El esperado momento

Me encontraba de rodillas en el suelo con los ojos vendados. Notaba el frío de las losas debajo de mí y una presencia caliente justo delante. Era él, Mateo.

Mateo era un chico al que conocí en las nuevas clases optativas. Coincidíamos sólo dos horas a la semana pero desde el primer momento en el que nuestras miradas se cruzaron, notamos esa fuerte atracción que nos había traído a este punto en el que estábamos a punto de devorarnos.

Nos encontrábamos completamente desnudos después de una larga sesión de besos salvajes y húmedos acompañados de caricias furtivas y desgarradoras. Por fin pude ver su cuerpo moldeado y pude sentir el tacto de su piel. Llevábamos bastante tiempo aguantando las ganas y alargando esta insufrible agonía sexual.

Escuché como daba un paso hacia delante y algo duro rebotó contra mi nariz. Sí, su pene duro y erecto estaba apuntando hacia mí sin ningún tipo de pudor y me suplicaba que hiciera algo.
Una sonrisa se dibujó en mis labios, me moría de ganas por devorar su preciado manjar.
Lo agarré entre mis manos torpes a consecuencia de mi “ceguera” temporal y comencé a masturbarle con mimo, sintiendo como sus venas se iban hinchando y como su respiración comenzaba a acelerarse poco a poco.

Saqué mi lengua juguetona y la pasé por su húmedo capullo, notando su sabor. Seguí jugando con mis manos un poco más y después, abrí mi boca por completo e introduje su delicado miembro dentro de ella para comenzar a mamar con desespero.

Sus manos se agarraron a mi pelo y algún que otro gemido empezaba a escaparse de su interior, rebotando entre esas cuatro paredes que estaban siendo testigo de aquella sesión sexual adolescente sin preámbulos.

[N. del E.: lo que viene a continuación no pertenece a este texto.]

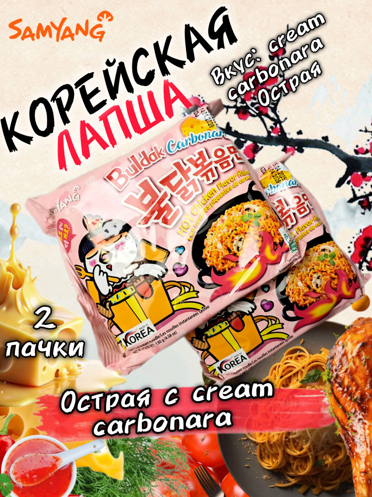 Samyang Набор лапши быстрого приготовления острой со вкусом карбонары «Buldak»

Seguí mamando e introduciéndola todo lo que podía dentro de mi boca. Quería tragármela entera pero era demasiado grande para mí, de momento. Noté como sus dedos se enredaban con más fuerza de lo normal en mi pelo y supe que eso significaba algo, dentro de poco le haría explotar como un volcán. No pude evitar que la locura se apropiara de mi ser, y aumenté la velocidad todo lo que pude, jugando con mis manos y con mi boca.
Efectivamente, poco después, vino la erupción salpicando sobre mi rostro vendado y lujurioso.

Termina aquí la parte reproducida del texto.